For a complete breakdown of directory pruning behavior and transaction log optimization, review Implementing H3 hexagon partitioning in Delta Lake.

Spark SQL: Apache Iceberg Partition Transforms

Iceberg handles spatial partitioning via metadata transforms, avoiding directory proliferation. Use bucket transforms alongside spatial UDFs.

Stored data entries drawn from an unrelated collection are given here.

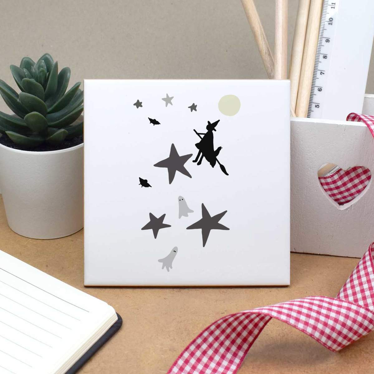 'Ghosts and witch' 108mm Square Ceramic Tile (TD00022290)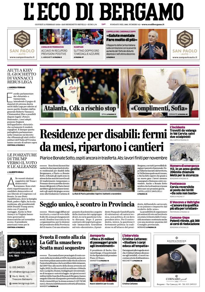 - 06:45 PRIMA PAGINA - L'Eco di Bergamo: "CdK a rischio stop"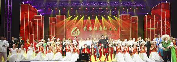 在晚會的最后,全體演員和現場嘉賓觀眾齊聲高唱校歌《我為祖國獻石油》,激昂的歌聲表達著石大人對母校、對石油事業、對偉大祖國的無限熱愛。中國石油大學建校65周年文藝晚會在喜慶、熱烈、感人的氛圍中圓滿落幕。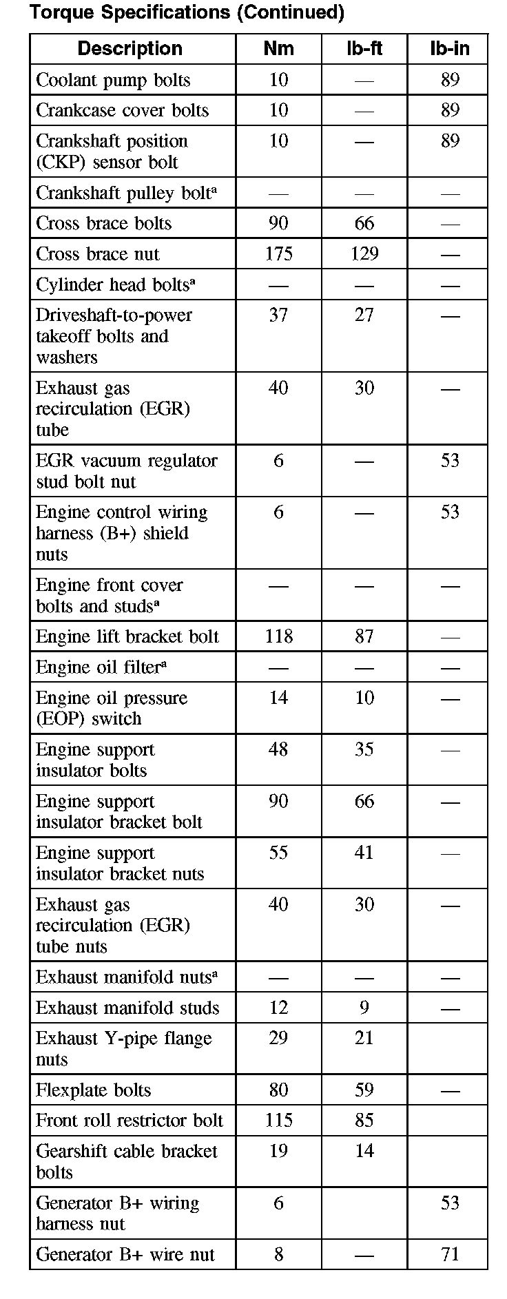 Torque Specifications (Part 2):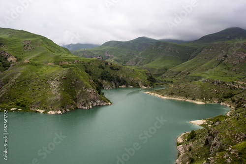 lake, reservoir, water, blue, mountain, cloud, fog, overcast, ravine, slope, green, panorama, array, height, nature, landscape, cold, travel, tour tourism, climbing, summer, caucasia, sky, reserve, vacation
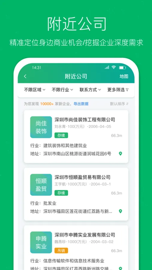 客户开发:快速检索目标企业信息及联系电话,了解企业的同时把握每一个商机。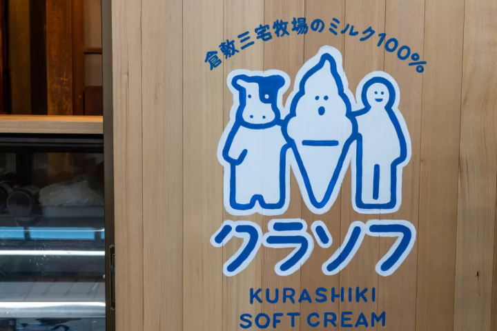 这是第一家常设商店,供应使用三宅农场的新鲜生牛奶制成的软冰淇淋,该农场还经营仓敷奶酪工厂 Harupal 。
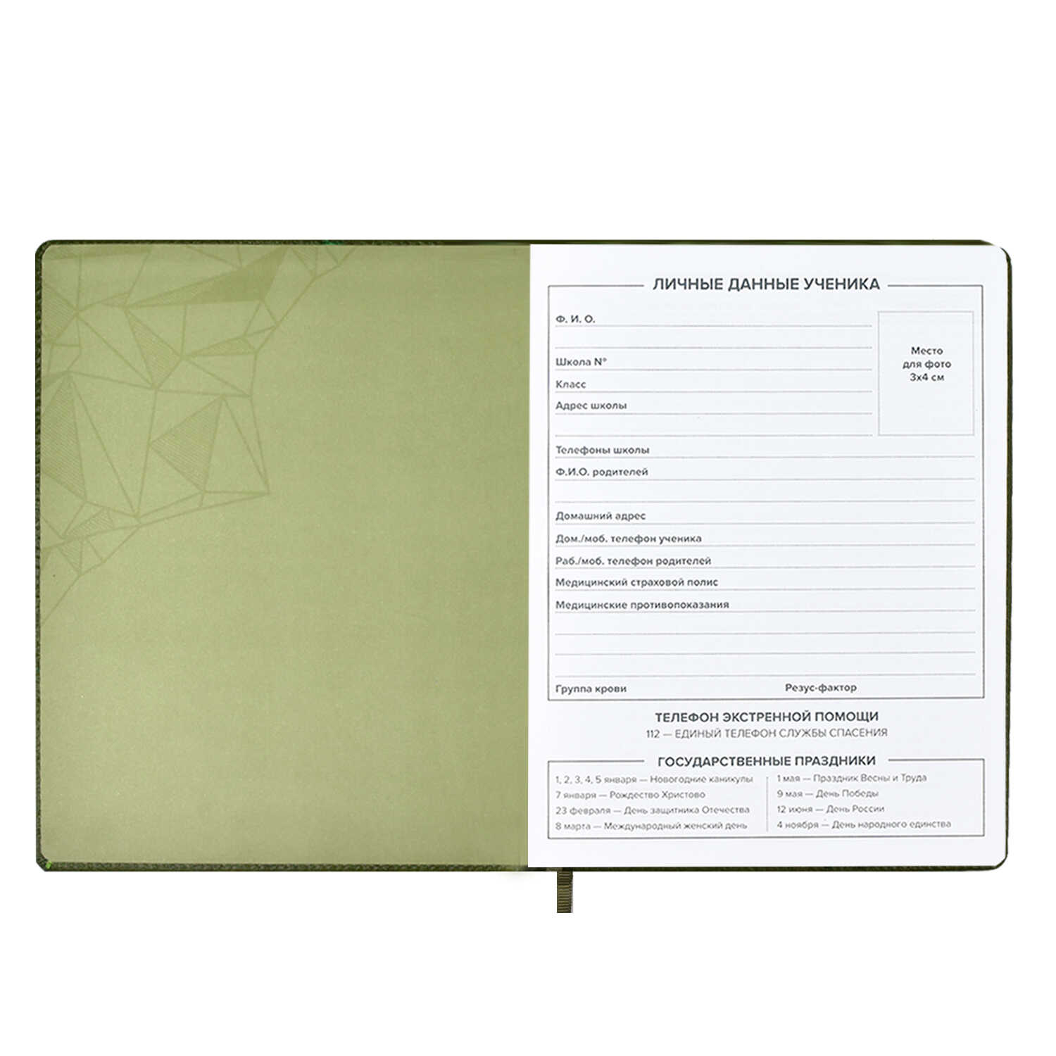 Дневник школьный А5 48 листов из кожзам в твердом переплете. Имеет одно ляссе и универсальную шпаргалку.

CREATE TABLE iceberg.geospatial.events (
    device_id STRING,
    lat       DOUBLE,
    lon       DOUBLE,
    ts        TIMESTAMP,
    h3_res7   STRING
) USING iceberg
PARTITIONED BY (
    bucket(128, h3_res7),
    days(ts)
)
TBLPROPERTIES (
    'format-version' = '2',
    'write.parquet.compression-codec' = 'zstd',
    'write.metadata.previous-versions-max' = '10'
);

-- H3 function must be registered in the session (e.g., via Apache Sedona or a custom UDF)
INSERT INTO iceberg.geospatial.events
SELECT
    device_id, lat, lon, ts,
    h3_latlng_to_cell(lat, lon, 7) AS h3_res7
FROM raw.telemetry_stream
WHERE ts >= '2024-01-01';

Clustering & Query Optimization

Partitioning alone cannot resolve intra-file spatial locality. Pair coarse partitions with in-file clustering to minimize row-group scans. Applying Z-Ordering for Geospatial Queries interleaves longitude and latitude bits, ensuring adjacent coordinates share Parquet row groups. This requires scheduled OPTIMIZE or rewrite_data_files jobs to maintain clustering efficiency as data ages.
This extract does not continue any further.